### Aim of the exercise
No pictures, nothing altered: return the data below.

### Input data
____________
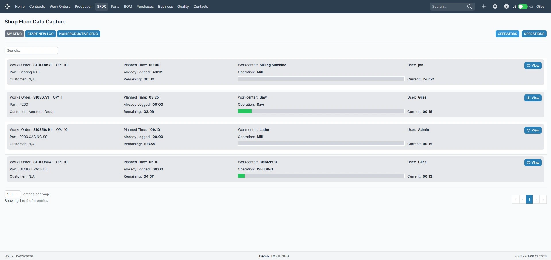 Operators can securely access Fraction ERP and log time and progress against your works orders. View progress against your production operations in real time.
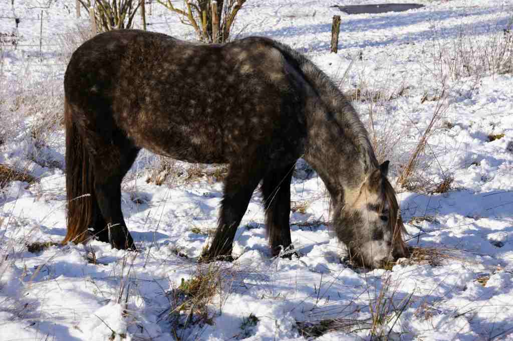 Und tagsüber dürfen wir tatsächlich trotzdem noch ein bisschen auf die Weide! Mein Mädchen sorgt dafür, dass wir vorher nochmal Heu essen, damit wir nicht so hungrig das kalte Gras in uns reinstopfen. Als ob das so einfach wäre! Weil wir das Gras ja erst aus dem Schnee wühlen müssen. Aber toll ist das trotzdem, so viel schlemmen!
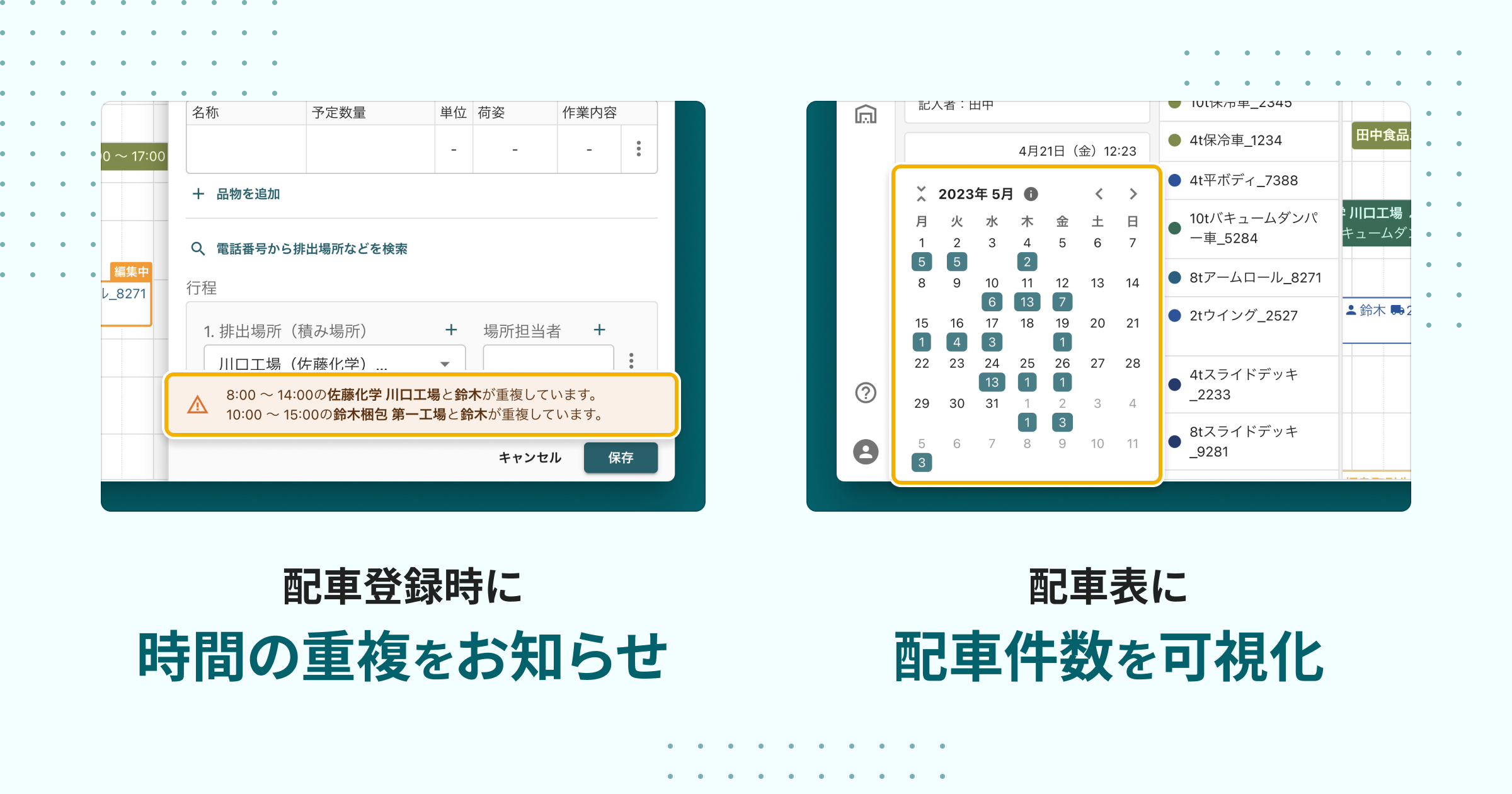 その他、各日程ごとの配車件数が可視化できる機能や配車時間が重複した予定についてお知らせする機能があります。
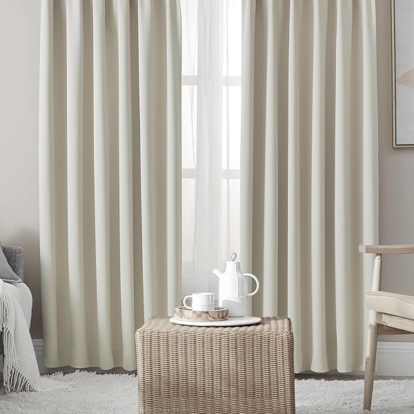 カーテン 1級遮光 4枚セット 幅100cm丈110cm ベージュ 断熱 防寒 防音 省エネ 厚手 無地 おしゃれ 洗える リビング用 (カーテン2枚・レース2枚)
____________
### Result of the exercise
 Operators can securely access Fraction ERP and log time and progress against your works orders. View progress against your production operations in real time.
 Und tagsüber dürfen wir tatsächlich trotzdem noch ein bisschen auf die Weide! Mein Mädchen sorgt dafür, dass wir vorher nochmal Heu essen, damit wir nicht so hungrig das kalte Gras in uns reinstopfen. Als ob das so einfach wäre! Weil wir das Gras ja erst aus dem Schnee wühlen müssen. Aber toll ist das trotzdem, so viel schlemmen!
 その他、各日程ごとの配車件数が可視化できる機能や配車時間が重複した予定についてお知らせする機能があります。
 カーテン 1級遮光 4枚セット 幅100cm丈110cm ベージュ 断熱 防寒 防音 省エネ 厚手 無地 おしゃれ 洗える リビング用 (カーテン2枚・レース2枚)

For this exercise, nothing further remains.